Les rendez-vous secrets, leur apportent cependant quelque chose. Chose que leurs proches ne leur offrent pas : un sentiment de ressemblance. Entre toutes les écorchures, les délits, les forfaits, un lien les unis, qu'ils le veuillent ou non.

Les larmes de Saga, se mêlent à celles de Shura. Il se penche sur le dos musclé du grec, écarte une mèche bleue nuit, et pose son menton contre l'épaule voisine. Tous deux s'effondrent au sol, le brun resserre ses bras autour de son amant clandestin. Saga passe sa main sur son visage, mais celle hâlée de l'espagnol le stoppe. Il préfère contempler le visage angéliquement démoniaque du Gémeau, dans le chagrin de son repentir. Afin de le consoler à son tour, Shura dépose un baiser sur sa joue. Suivi d'un autre sur ses lèvres, seule tendresse qu'il concède en fin de combat passionné. Tour à tour, inquisiteur et lénifiant, le brun endosse tous les rôles. Son but n'est certes pas d'enfoncer Saga dans les affres du déshonneur.

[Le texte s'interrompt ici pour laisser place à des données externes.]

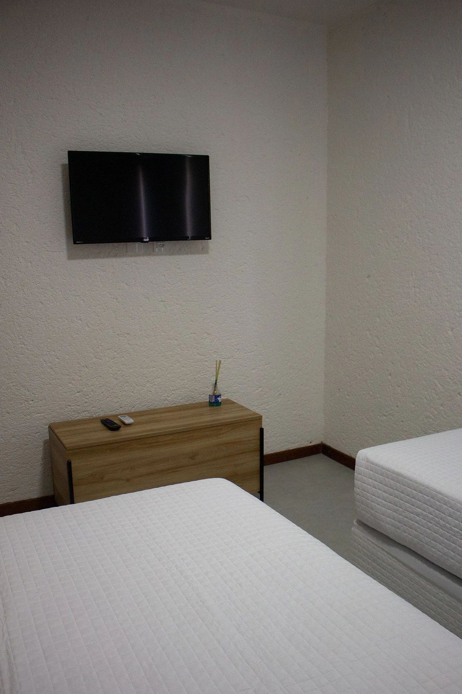 Quarto: 02 cama de solteiro, ar condicionado, 01 arara com cabides e TV
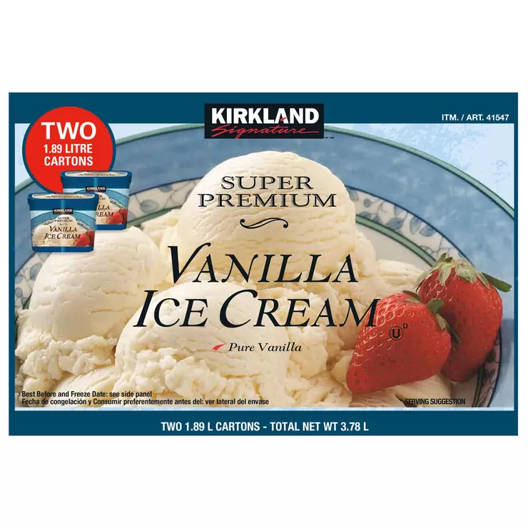 Kirkland Signature Premium Vanilla Ice Cream, 2 x 1.89L
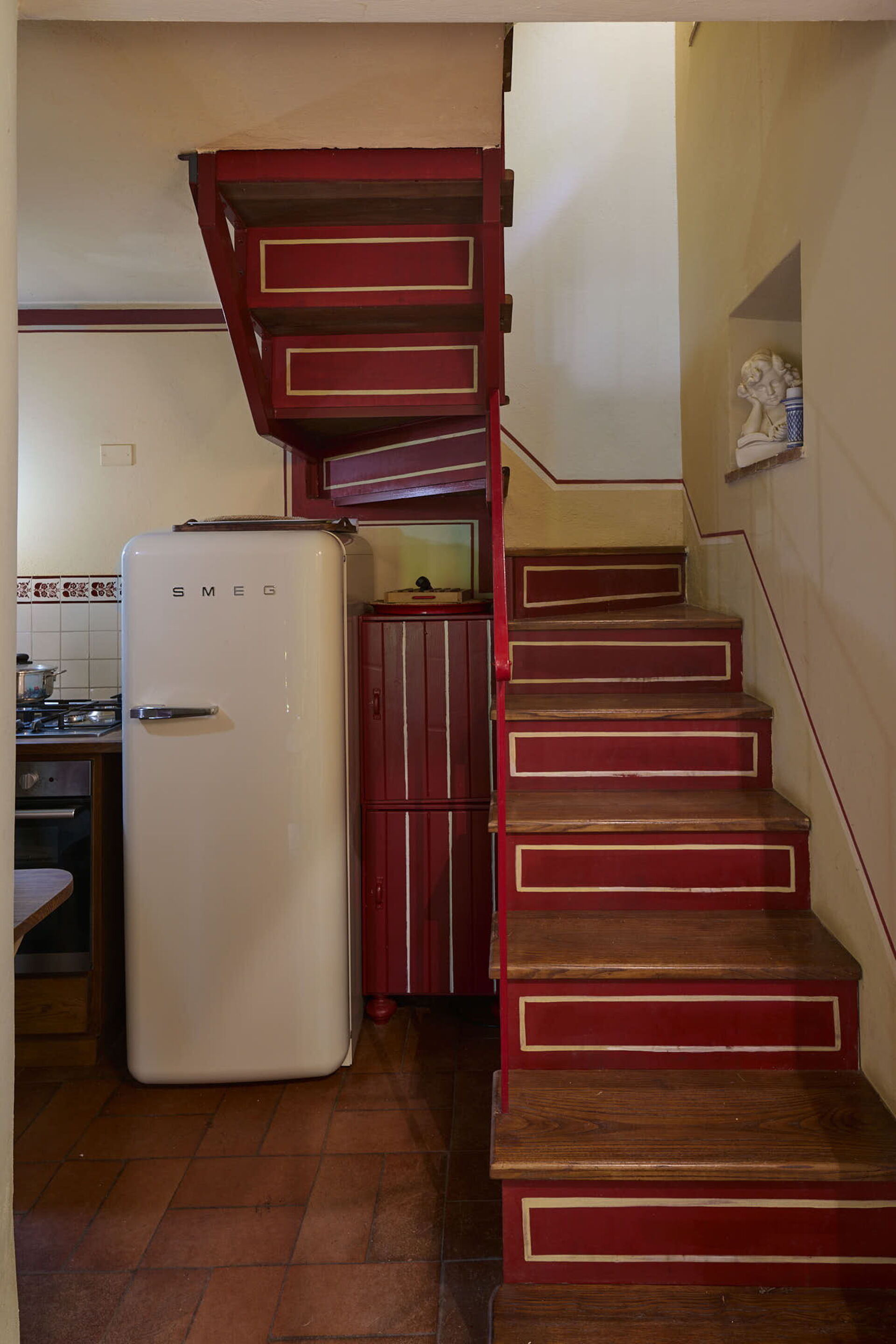 Al primo piano si trova una spaziosa camera matrimoniale con accesso diretto all’esterno, ideale per godersi momenti di tranquillità. Completa il piano un bagno con vasca. A disposizione degli ospiti anche una lavanderia in vano separato con lavatrice, asse e ferro da stiro, oltre allo stendino, per un soggiorno pratico e senza pensieri.

Peut être qu'un jour, les chevaliers entretiendront des liens plus normaux, pour l'heure, ils se réconfortent mutuellement. Après s'être fait du mal, ils se font du bien, comme ils le peuvent. Au petit matin, chacun rejoindra son temple comme si de rien n'était. Ils feront semblant que tout va bien devant leurs amis ou frère, pour ne pas attirer l'attention sur eux. Car malgré tout, Saga et Shura possèdent des traits de caractères identiques, en étouffant leur mal être par exemple.

Le brun berce doucement le bleuté qui s'agrippe aux avant-bras cuivrés de toutes ses forces. Ils profitent de la torpeur de la contrition encore un peu. Oui, juste un peu de chaleur humaine avant d'affronter la lourdeur de leur destin.